The Assyrian exodus from Iraq refers to the mass flight and expulsion of ethnic Assyrians from Iraq, a process which was initiated from the beginning of Iraq War in 2003 and continues to this day. Leaders of Iraq's Assyrian community estimate that over two-thirds of the Iraqi Assyrian population may have fled the country or been internally displaced since the U.S.-led invasion in 2003 until 2011. Reports suggest that whole neighborhoods of Assyrians have cleared out in the cities of Baghdad and Basra, and that Sunni insurgent groups and militias have threatened Assyrians.[1] Following the campaign of the Islamic State of Iraq and the Levant in northern Iraq in August 2014, one quarter of the remaining Iraqi Assyrians fled the Jihadists, finding refuge in Turkey and Iraqi Kurdistan.[2]

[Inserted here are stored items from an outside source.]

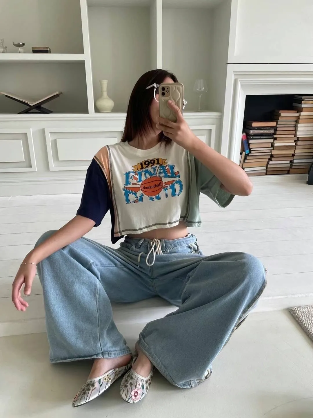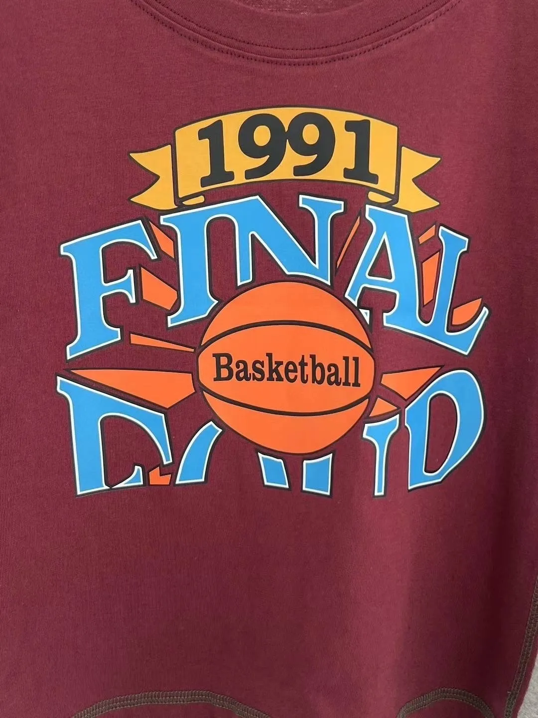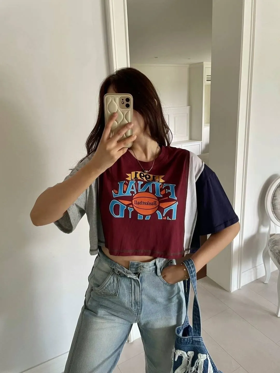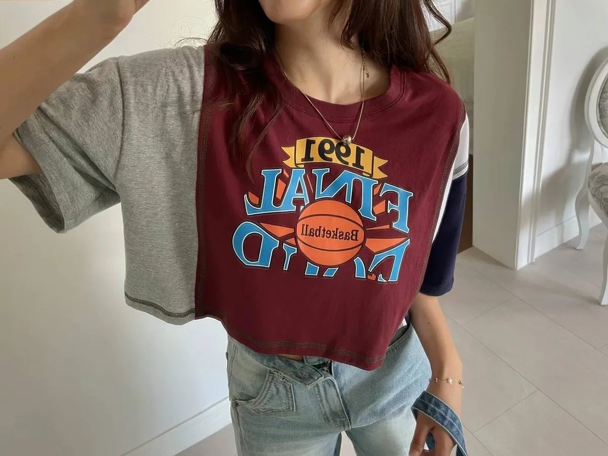 FA135可愛拚色籃球短版Tshirt 米 紅 官網價$710 線上價$680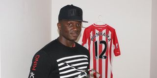 Kenya's Southampton midfielder Victor Wanyama poses with the African EPL Player of the Month award for September in London on October 23, 2014. PHOTO | COURTESY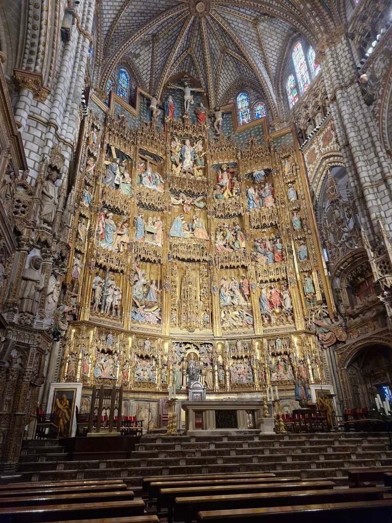 On Friday I had arranged a free walking tour of the medieval city of Toledo. Today was a solo day. We’d walked twenty kilometres the previous day and only I was foolhardy enough to continue. Located about eighty kilometres south of Madrid, Toledo had once been the capital of Spain – divided into Muslim, Christian and Jewish districts. My tour was meeting at 1pm so I left the apartment at 10am thinking I’d have loads of time. I dawdled to the Atocha train station – the largest in Madrid – whereupon I realised that all trains to Toledo were sold out. I asked the woman at the information desk, and she told me that I’d need to go to another station – on the Plaza Eliptica to take a bus. Upon arrival I saw a queue about 100 metres long. This was the queue to buy a bus ticket. It moved at a brisk pace and after twenty minutes I had a ticket acquired. The I joined an equally long queue to board a bus. Thankfully this was an equally fast-moving queue and we departed at 12.15. This was too late to join the walking tour. Never fear – I’d figure it out. Eighteen years ago, I had planned a visit to Toledo. My misspent youth of debauchery and carousing meant however that I’d not gone to bed until 4am the night before and my vile hangover the next day prevented travel. Not this time. I was ready.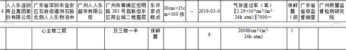 此外,由人人乐连锁商业集团股份有限公司生产、广州人人乐超市有限公司销售的乐齐家点断式保鲜膜气体透过率(氧)不符合食品相关产品安全国家标准规定。该产品规格型号为30cm×35cm×100张,生产日期为2019年3月8日,不合格项目为气体透过率(氧),检验结果为2.29×104cm3/(m2·24h·atm),标准值为7000~20000cm3/(m2·24h·atm),检验机构为广州质量监督检测研究院。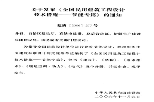 《全國(guó)民用建筑工程設(shè)計(jì)技術(shù)措施--節(jié)能專篇》(2007)是由建設(shè)部工程質(zhì)量安全監(jiān)督與行業(yè)發(fā)展司組織中國(guó)建筑標(biāo)準(zhǔn)設(shè)計(jì)研究院等單位編制的一套以指導(dǎo)全國(guó)建筑設(shè)計(jì)單位進(jìn)行建筑節(jié)能設(shè)計(jì)的技術(shù)文件,是對(duì)《全國(guó)民用建筑工程設(shè)計(jì)技術(shù)措施》(2003)節(jié)能設(shè)計(jì)部分內(nèi)容的補(bǔ)充、深化、匯總和完善,是節(jié)能設(shè)計(jì)標(biāo)準(zhǔn)的細(xì)化與延伸。《全國(guó)民用建筑工程設(shè)計(jì)技術(shù)措施--節(jié)能專篇》(2007)包括《建筑》、《結(jié)構(gòu)》、《給水排水》、《暖通空調(diào)--動(dòng)力》、《電氣》五個(gè)分冊(cè),內(nèi)容基本涵蓋目前可應(yīng)用于工程建設(shè)節(jié)能技術(shù)的全部?jī)?nèi)容。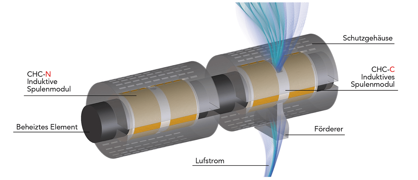 Die typische Anwendung besteht aus einer oder mehreren Spulen, abhängig von der Anzahl der zu beheizenden Zylinderzonen, wobei jede Spule von einem elektronischen Stromgenerator versorgt wird.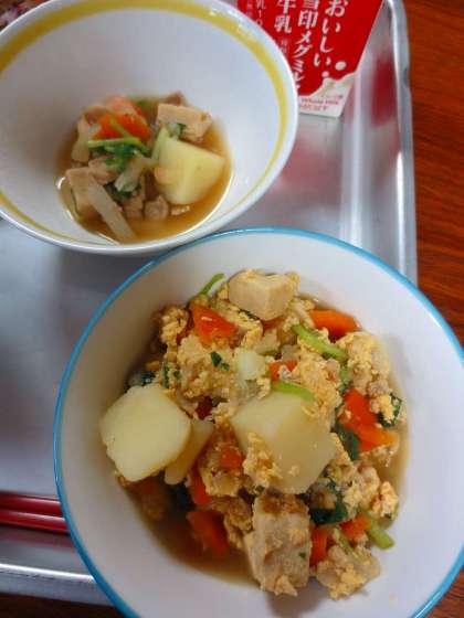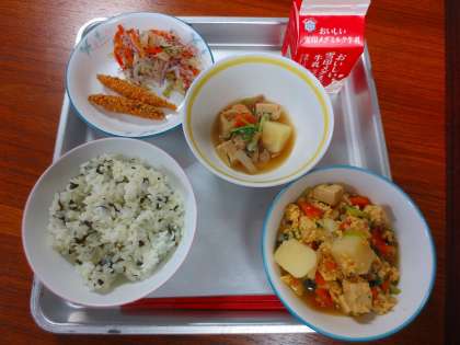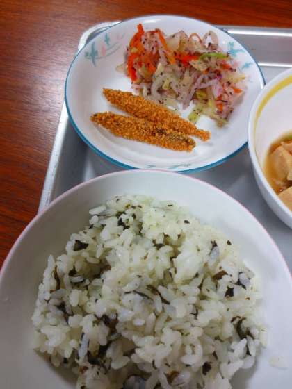 今日の給食は和風ですね。高野豆腐の卵とじ、魚のカリカリ揚げ、わかめごはんです。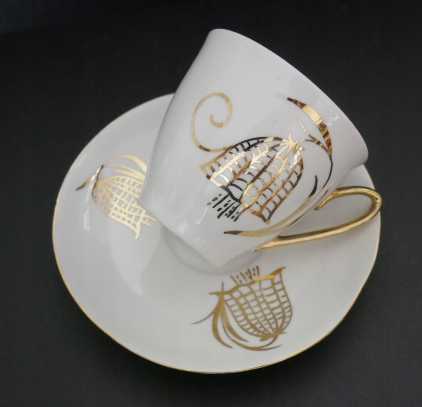 Wałbrzych Cup with stand Ćmielów, подібні золоті візерунки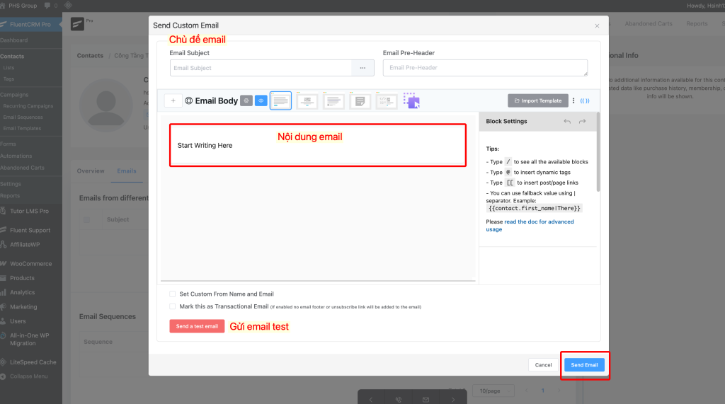 3. Nhập chủ đề và nội dung email, sau đó click “Send Email” để gửi email.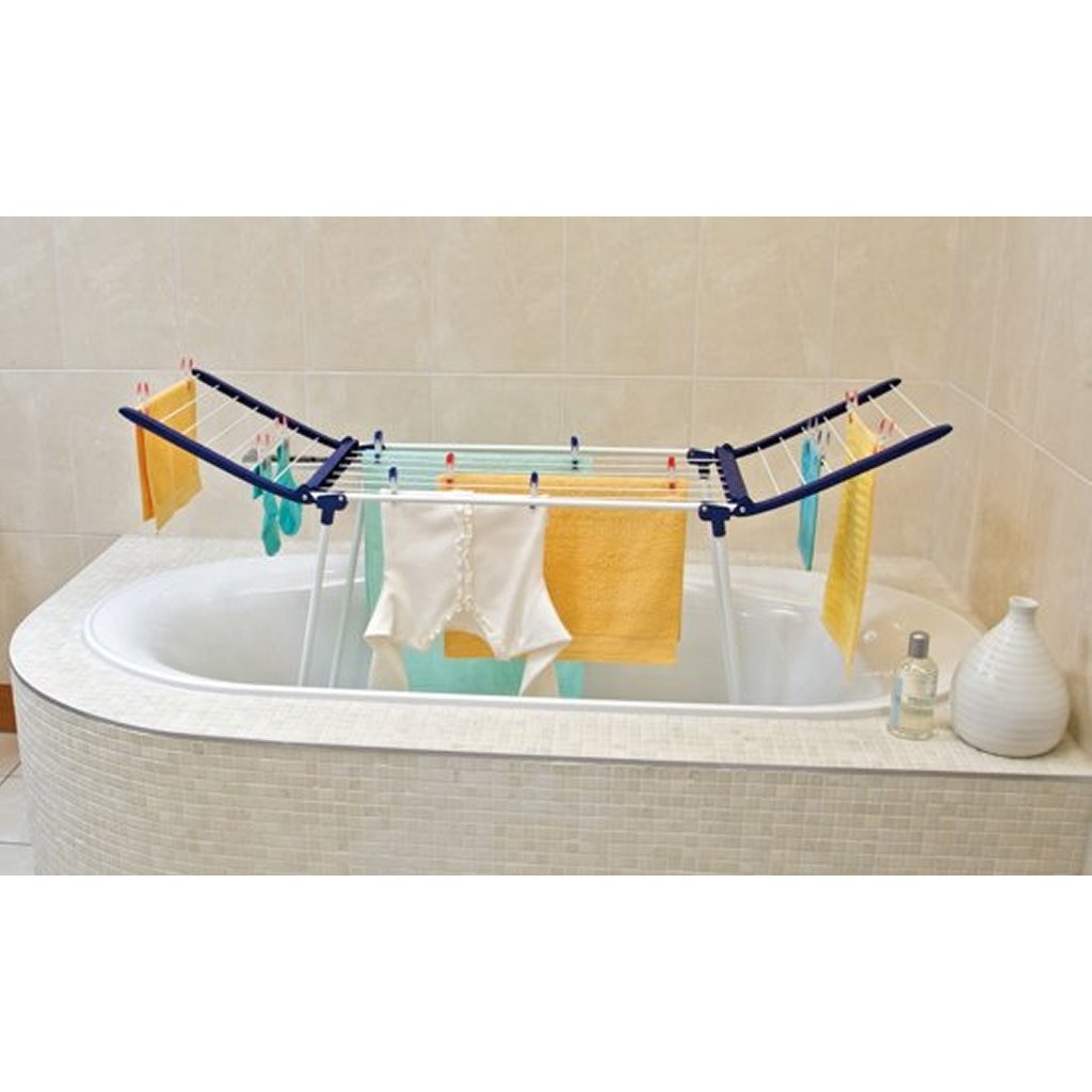 Past moeiteloos in ieder gangbaar ligbad. Smalle U-poten met een breedte van slechts 44 cm. De afgeronde antislipdoppen zorgen voor stabiliteit en beschermen het bad.Dit is een bijzonder smal droogrek, maar het biedt toch het gebruiksgemak dat je van een Pegasus-droogrek mag verwachten. De uitklapbare 93 cm hoge vleugels zijn optimaal voor het drogen van langere stukken wasgoed. Met uitgeklapte vleugels biedt het droogrek 12 meter drooglengte. Dankzij de stabiele poten en de stevige droogstangen hangt het droogrek niet door, ook niet als het vol zware was hangt. Ingeklapt is droogrek Pegasus 120 Solid Compact gemakkelijk op te bergen. Alle onderdelen van het droogrek zijn roestvrij.

The Guardian published that the violence faced by Assyrians has led to a drop in their numbers in Iraq from at least 800,000 in 2003 to 400,000 in 2011.[3] The 2009 Catholic Almanac puts the numbers much higher—a drop from 1.5 million mostly Assyrians in Iraq in 2003 to just 500,000 in 2009.[4] Some estimate the updated number of Assyrians in Iraq at just 300,000. The UN High Commission for Refugees estimated in 2007 that one third of 1.8 million Iraqi refugees were Assyrians.[5] A similar percentage of the 1.6 million internally displaced within Iraq in 2007 were likely Assyrians, many of whom had fled Baghdad, Basra, and Mosul to the relatively stable Northern Iraq.[5]

Background

A 1950 CIA report on Iraq showed that Assyrians comprised 4.9% of the Iraqi population during the 1940s.[6]

Total population Chaldean Catholic Syriac Catholic Syriac Orthodox Nestorian
165,000 98,000 25,000 12,000 30,000

The report goes on and states 20% of the Assyrians live in Baghdad and 60% in Mosul.

The Iraqi Minorities Council and the Minority Rights Group International estimated that Iraq's pre-war Assyrian population was 800,000.[7]